WORK TASK:
Wherever pictures appear in the listing below, leave them out, and copy exactly, and only, everything from the line with "20pcs Black/Gold Paper" down to the line with "つくしさんのお部屋では、ビニ".

RECORDS FOR THIS TASK:
--
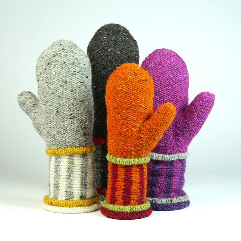 The mittens Dante match perfectly the hat of the same name. I used the piping technique, striped bands and reverse stockinette stitch (which is knitted, not purled, you work inside out :-)) that invite you to mix colours to your hearts content! Again, I used the fantastic tweed wool from Ireland, but you can use any yarn with the same gauge.
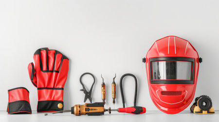 Welding equipment with mask and red gloves on white backdrop.
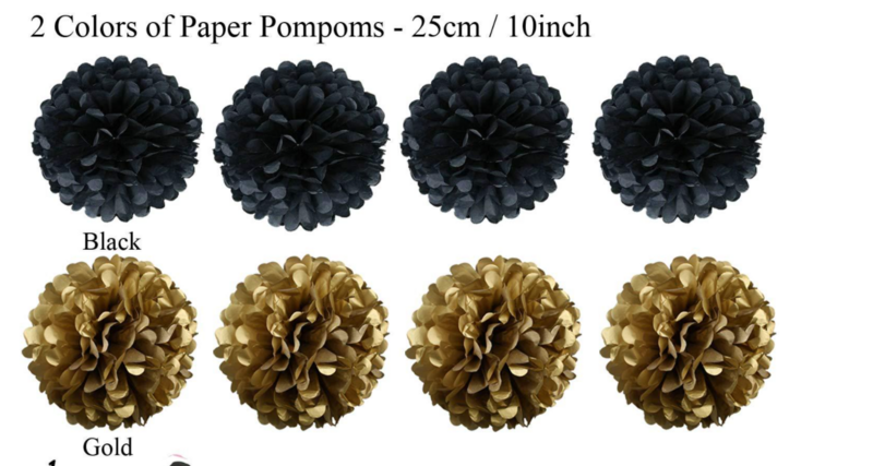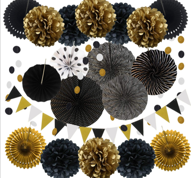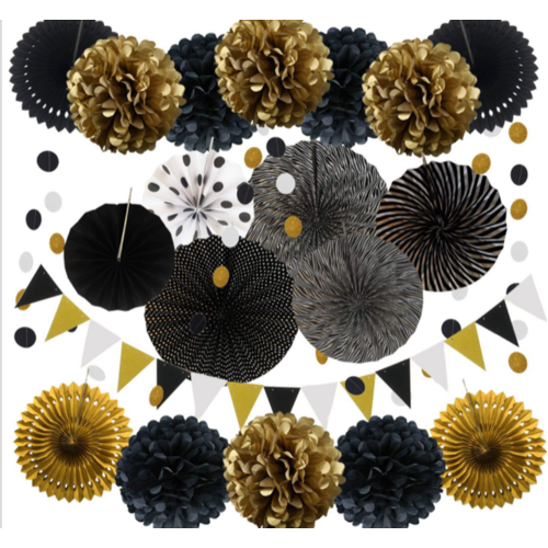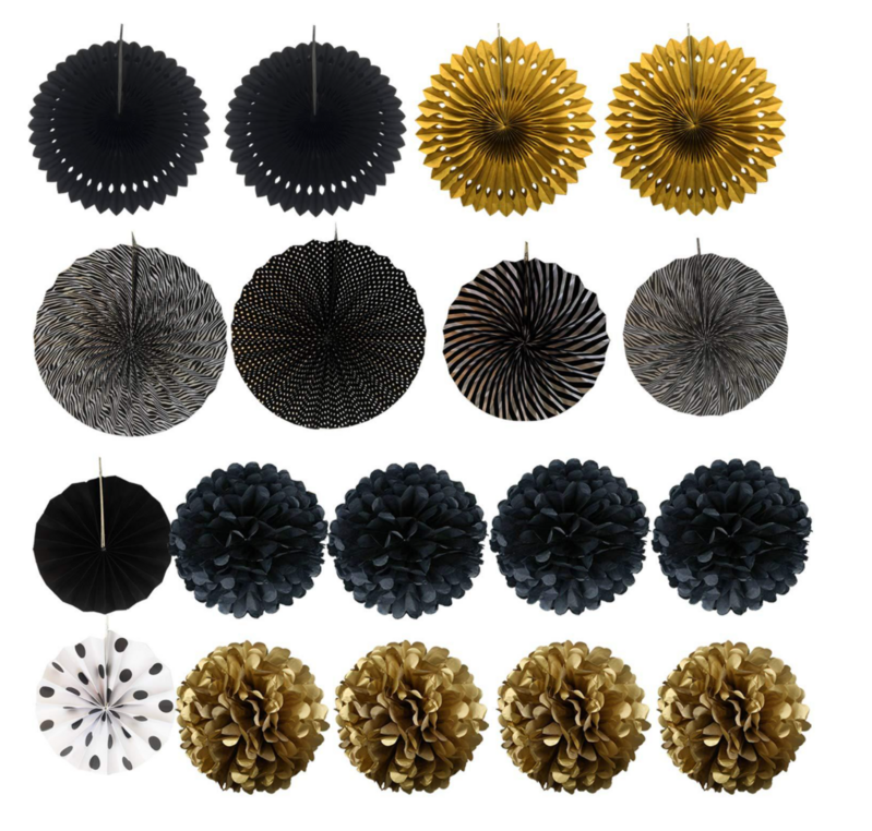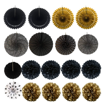 20pcs Black/Gold Paper Party Lantern Decoration Set
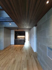 1 内外にタイルを贅沢に採用。質感に包まれたラグジュアリーな空間
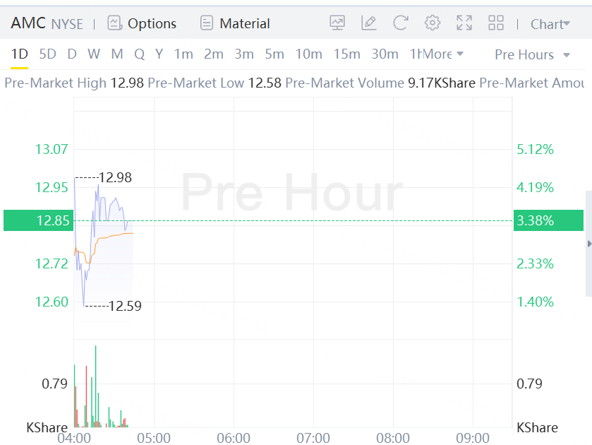 Shares of AMC Entertainment Holdings Inc. rose 3.38% in premarket trades Monday.
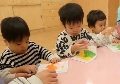 つくしさんのお部屋では、ビニール袋の風船を追いかけて遊んでいました。そして数名ずつ呼ばれて、制作をしていましたよ。制作はジップロックに好きな絵の具を入れて閉じてから、指で模様を描いていくと、個性的な作品になっていきましたよ。色んな表現の方法があるんですね~。
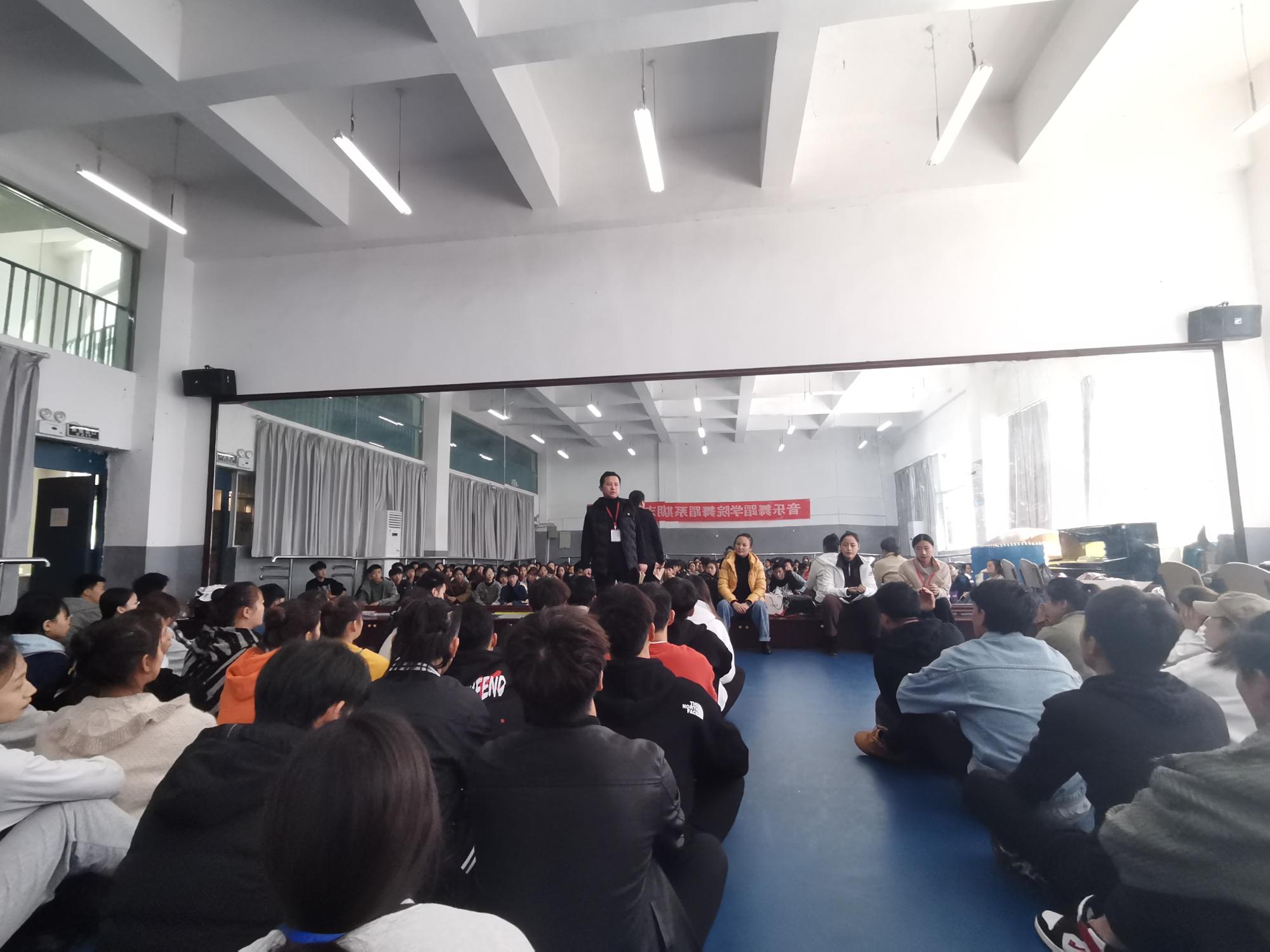 首先,肖伟对上周备战“荷花杯”的老师和同学们进行了表扬,两个作品获得贵州省专家一致好评。随后,鼓励同学们积极参与读书会,在完成专业课的同时增长课外阅读量。紧接着,又对勤工助学和早晚功大比拼进行讲解,希望同学们早起,养成早晚功的好习惯,在早晚功大比拼的时候大放光彩。最后,为了让同学们更好地迎接期中考试,更好的总结自身素质查漏补缺,并对期中考试进行了具体的动员部署。肖伟就期中考试的重要性进行详细的阐明,并具体部署期中考的考试范围,同时要求18、19级同学要认真复习,配合各老师的教学要求。
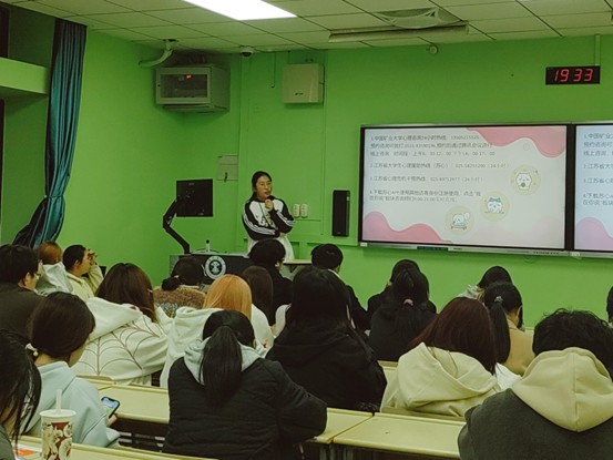 班会伊始,主持人自然引出大学生普遍面临的学业、人际、情绪等烦恼,并围绕“什么是心理健康”展开科普,深入讲解情绪管理、人际边界、自我认知与适应能力四大核心内容,并借助“乌鸦定律”“空杯效应”及森田疗法等心理学理念,引导同学们正视问题、接纳情绪、主动改变。互动环节中,“过目不忘”“你划我猜”等趣味游戏轮番上阵,让大家在轻松氛围中体会到沟通与理解的力量。随后,主持人分享了运动调节、积极社交、学会放松、保持乐观、寻求专业帮助等5种实用心理调适方法,同时重点介绍4条专业支持渠道,为同学们心理健康提供坚实后盾。 最后,同学们在卡片上写下真挚祝福投入“暖心盒”,随机抽取传递关怀与力量。
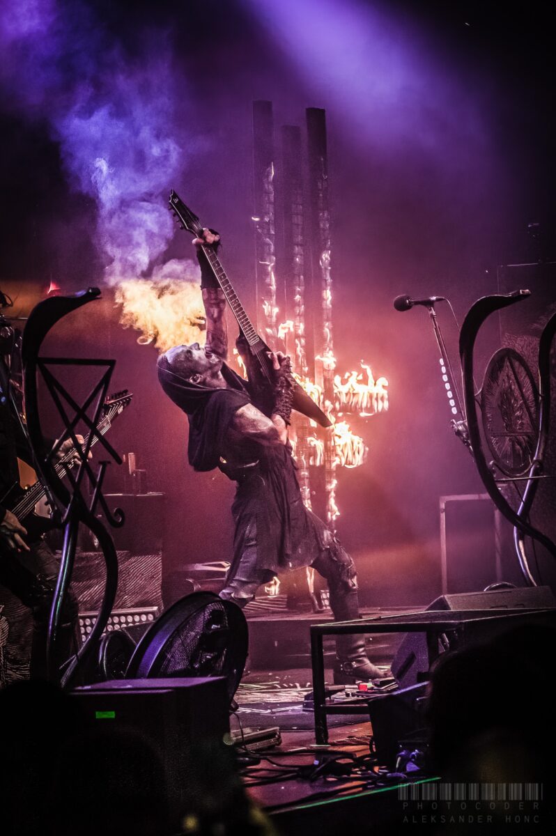 I na koniec przyszedł czas na headlinera. Behemoth stali się już swego rodzaju marką, na pewno pod względem profesjonalizmu. Nikt w Polsce nie może pochwalić się taką produkcją i takim rozpasaniem na scenie. Nikt z rodzimych kolegów muzyków nie może pochwalić się taką popularnością w świecie metalu i nie tylko. Panowie ciężko pracowali na ten status i zdecydowanie nie można im odmówić fantastycznego vibe’u, którym karmią swoją publikę od początku do końca każdej ze swoich sztuk. No właśnie, bez żenady koncerty Behemoth można nazywać sztukami – każdy detal, od przemyślanych strojów, makijażu, świateł, rekwizytów, po setlistę, jest dopracowany pod linijkę. Ja ten teatr za każdym razem kupuję i wchodzę w interakcję z przyjemnością i ciekawością. O to też tu chyba chodzi – przykuć uwagę trzeba umieć. Show rozpoczęło się za elegancką kotarą z logiem pobocznego projektu Adama Nergala Darskiego Me and That Man (swoją drogą niedługo ta machina rusza z drugim albumem, stay tuned, będzie ciekawie), która spektakularnie opadła z pierwszymi dźwiękami Wolves ov Siberia. Nergal jak zwykle dawał z siebie absolutnie wszystko i jeszcze trochę (może znów stałam za blisko sceny) i z miejsca wciągnął publikę w szał, na który wszyscy tego wieczoru byli właściwie gotowi. I tak, nie zabrakło ognia, a więc i płonącego krzyża, pary, confetti, latarki w wiadomym momencie i słynnego pióropusza. Bardziej szczegółowo – Panowie wciąż promują album I Loved You At Your Darkest, jednak nie zabrakło starszych dokonań wymieszanych w dobrych proporcjach, a więc pojawił się i wzniosły Ora Pro Nobis Lucifer, i chwytliwy (o ile to dobre słowo) o dziwo dla mnie wokalnie świetnie pociągnięty Bartzabel, i konkretny zjazd z wysokości z Conquer All czy Slaves Shall Serve, albo klasyk Chant For Eschaton 2000. Może mniej skupiałam się od momentu utworu Blow Your Trumpets Gabriel, ale za chwilę Chwała mordercom Wojciecha (997-1997 dziesięć wieków hańby), plus przygniatający Horns ov Baphomet zmył wszystkie wąty do cna. Koniec z bisami obejrzałam z końca sali koncertowej i równie mocno tkwiłam w tej sztuce do finału. Nie ma co się więcej rozwodzić – Sabbath Matter!
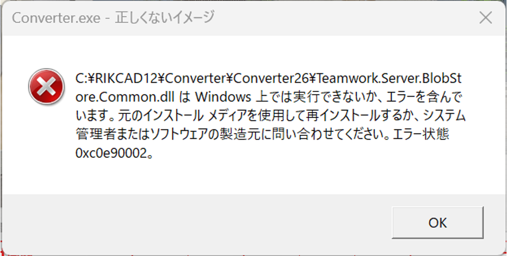 現在、RIKCADを起動する際に「正しくないイメージ」というタイトルでエラーが表示され、RIKCADが起動できないというお問合せが増えております。
--
OUTPUT FOR THIS TASK:
 20pcs Black/Gold Paper Party Lantern Decoration Set
 1 内外にタイルを贅沢に採用。質感に包まれたラグジュアリーな空間
 Shares of AMC Entertainment Holdings Inc. rose 3.38% in premarket trades Monday.
 つくしさんのお部屋では、ビニール袋の風船を追いかけて遊んでいました。そして数名ずつ呼ばれて、制作をしていましたよ。制作はジップロックに好きな絵の具を入れて閉じてから、指で模様を描いていくと、個性的な作品になっていきましたよ。色んな表現の方法があるんですね~。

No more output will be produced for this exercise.